▸ Exercise prompt
Return each record word for word and omit the pictures.

▸ Given data

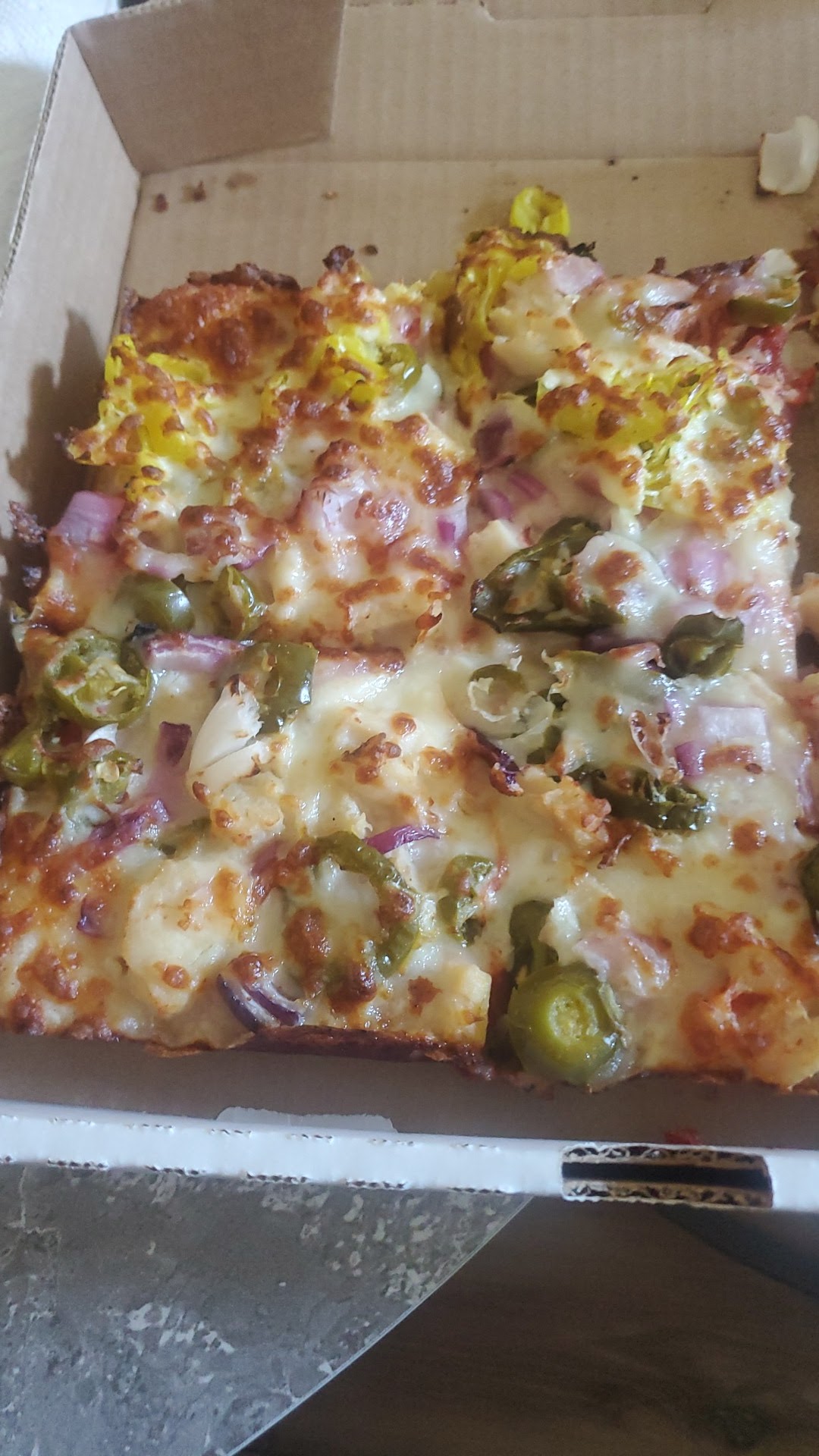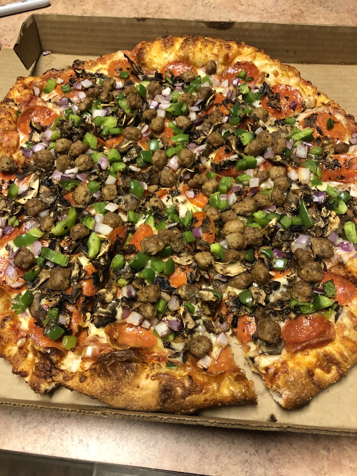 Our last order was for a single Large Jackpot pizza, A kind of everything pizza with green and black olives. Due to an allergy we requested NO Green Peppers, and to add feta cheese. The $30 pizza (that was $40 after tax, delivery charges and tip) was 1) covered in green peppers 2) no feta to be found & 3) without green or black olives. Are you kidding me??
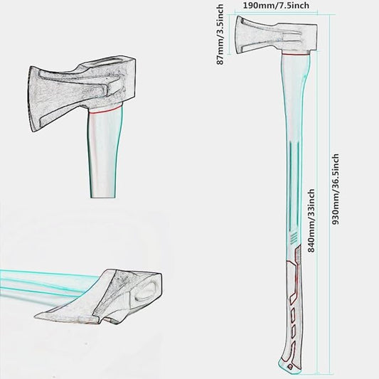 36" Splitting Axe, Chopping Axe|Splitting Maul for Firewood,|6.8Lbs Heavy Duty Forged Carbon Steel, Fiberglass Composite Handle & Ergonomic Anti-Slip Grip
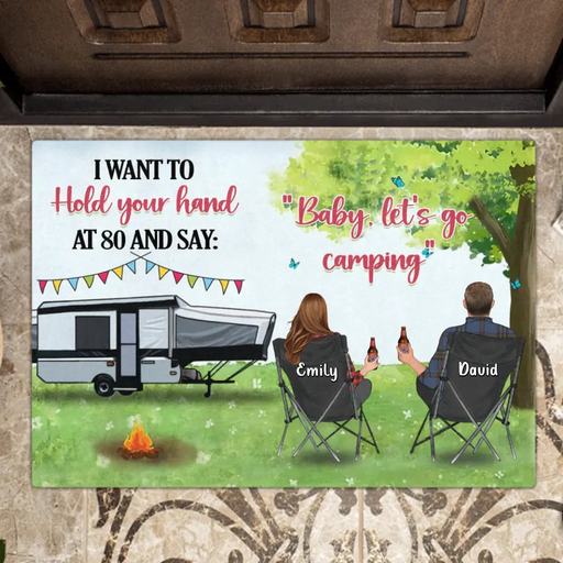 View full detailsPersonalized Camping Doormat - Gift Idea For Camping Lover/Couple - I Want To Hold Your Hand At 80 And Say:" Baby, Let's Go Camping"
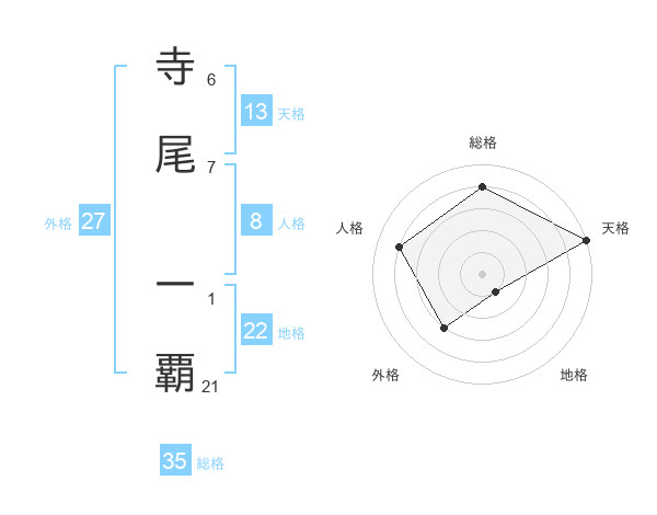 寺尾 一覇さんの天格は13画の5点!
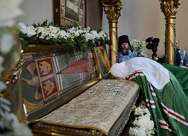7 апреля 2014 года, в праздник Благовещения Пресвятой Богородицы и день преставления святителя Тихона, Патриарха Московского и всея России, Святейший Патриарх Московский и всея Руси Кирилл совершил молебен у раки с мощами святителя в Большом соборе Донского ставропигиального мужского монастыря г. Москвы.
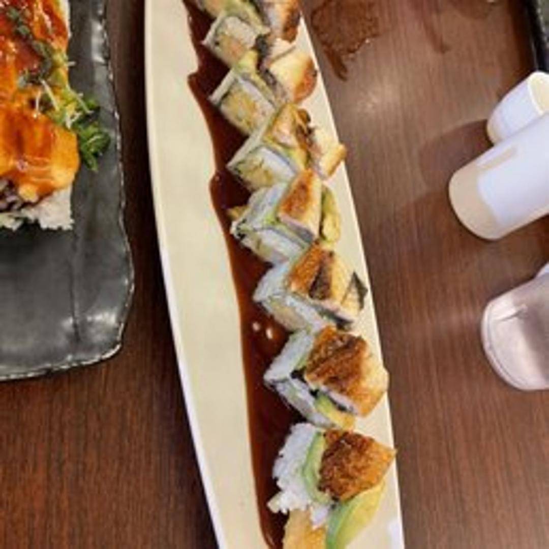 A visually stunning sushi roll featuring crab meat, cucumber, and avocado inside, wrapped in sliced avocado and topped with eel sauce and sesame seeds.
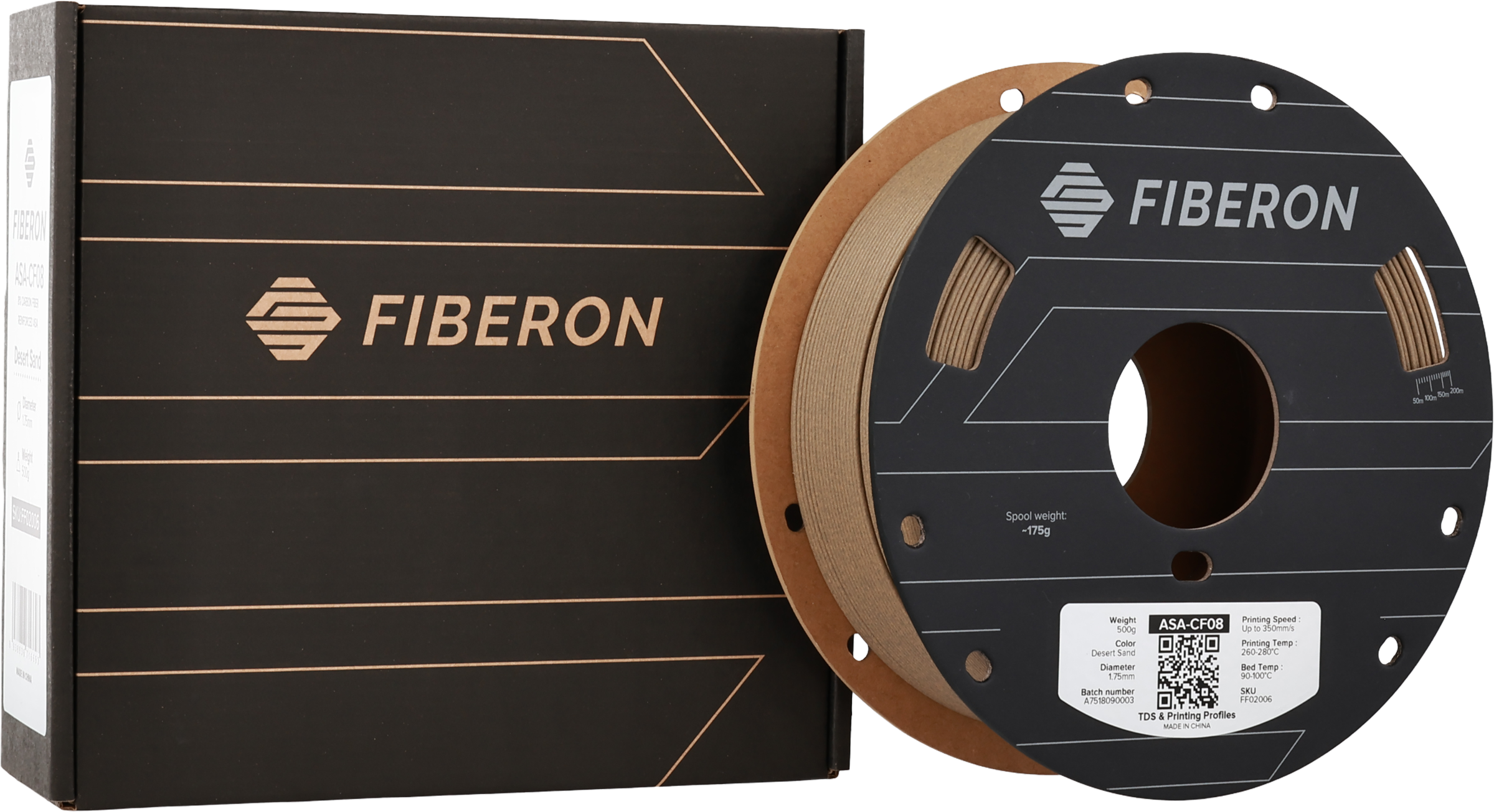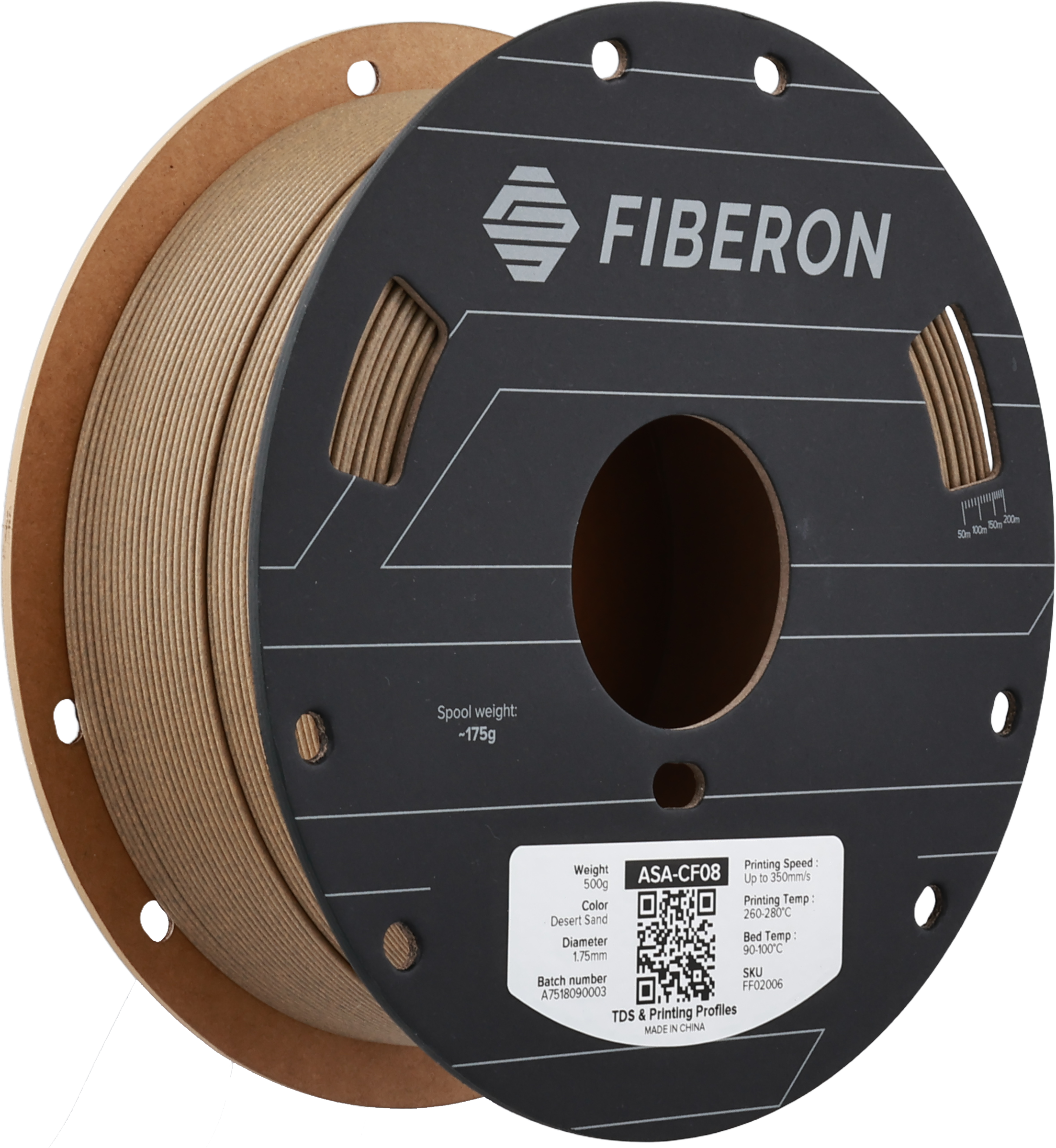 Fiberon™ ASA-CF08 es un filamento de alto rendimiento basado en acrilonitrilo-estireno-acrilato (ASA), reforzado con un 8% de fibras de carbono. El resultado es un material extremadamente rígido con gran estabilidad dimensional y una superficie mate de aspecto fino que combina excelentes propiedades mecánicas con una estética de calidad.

▸ Result of this exercise
 Our last order was for a single Large Jackpot pizza, A kind of everything pizza with green and black olives. Due to an allergy we requested NO Green Peppers, and to add feta cheese. The $30 pizza (that was $40 after tax, delivery charges and tip) was 1) covered in green peppers 2) no feta to be found & 3) without green or black olives. Are you kidding me??
 36" Splitting Axe, Chopping Axe|Splitting Maul for Firewood,|6.8Lbs Heavy Duty Forged Carbon Steel, Fiberglass Composite Handle & Ergonomic Anti-Slip Grip
 View full detailsPersonalized Camping Doormat - Gift Idea For Camping Lover/Couple - I Want To Hold Your Hand At 80 And Say:" Baby, Let's Go Camping"
 寺尾 一覇さんの天格は13画の5点!
7 апреля 2014 года, в праздник Благовещения Пресвятой Богородицы и день преставления святителя Тихона, Патриарха Московского и всея России, Святейший Патриарх Московский и всея Руси Кирилл совершил молебен у раки с мощами святителя в Большом соборе Донского ставропигиального мужского монастыря г. Москвы.
 A visually stunning sushi roll featuring crab meat, cucumber, and avocado inside, wrapped in sliced avocado and topped with eel sauce and sesame seeds.
 Fiberon™ ASA-CF08 es un filamento de alto rendimiento basado en acrilonitrilo-estireno-acrilato (ASA), reforzado con un 8% de fibras de carbono. El resultado es un material extremadamente rígido con gran estabilidad dimensional y una superficie mate de aspecto fino que combina excelentes propiedades mecánicas con una estética de calidad.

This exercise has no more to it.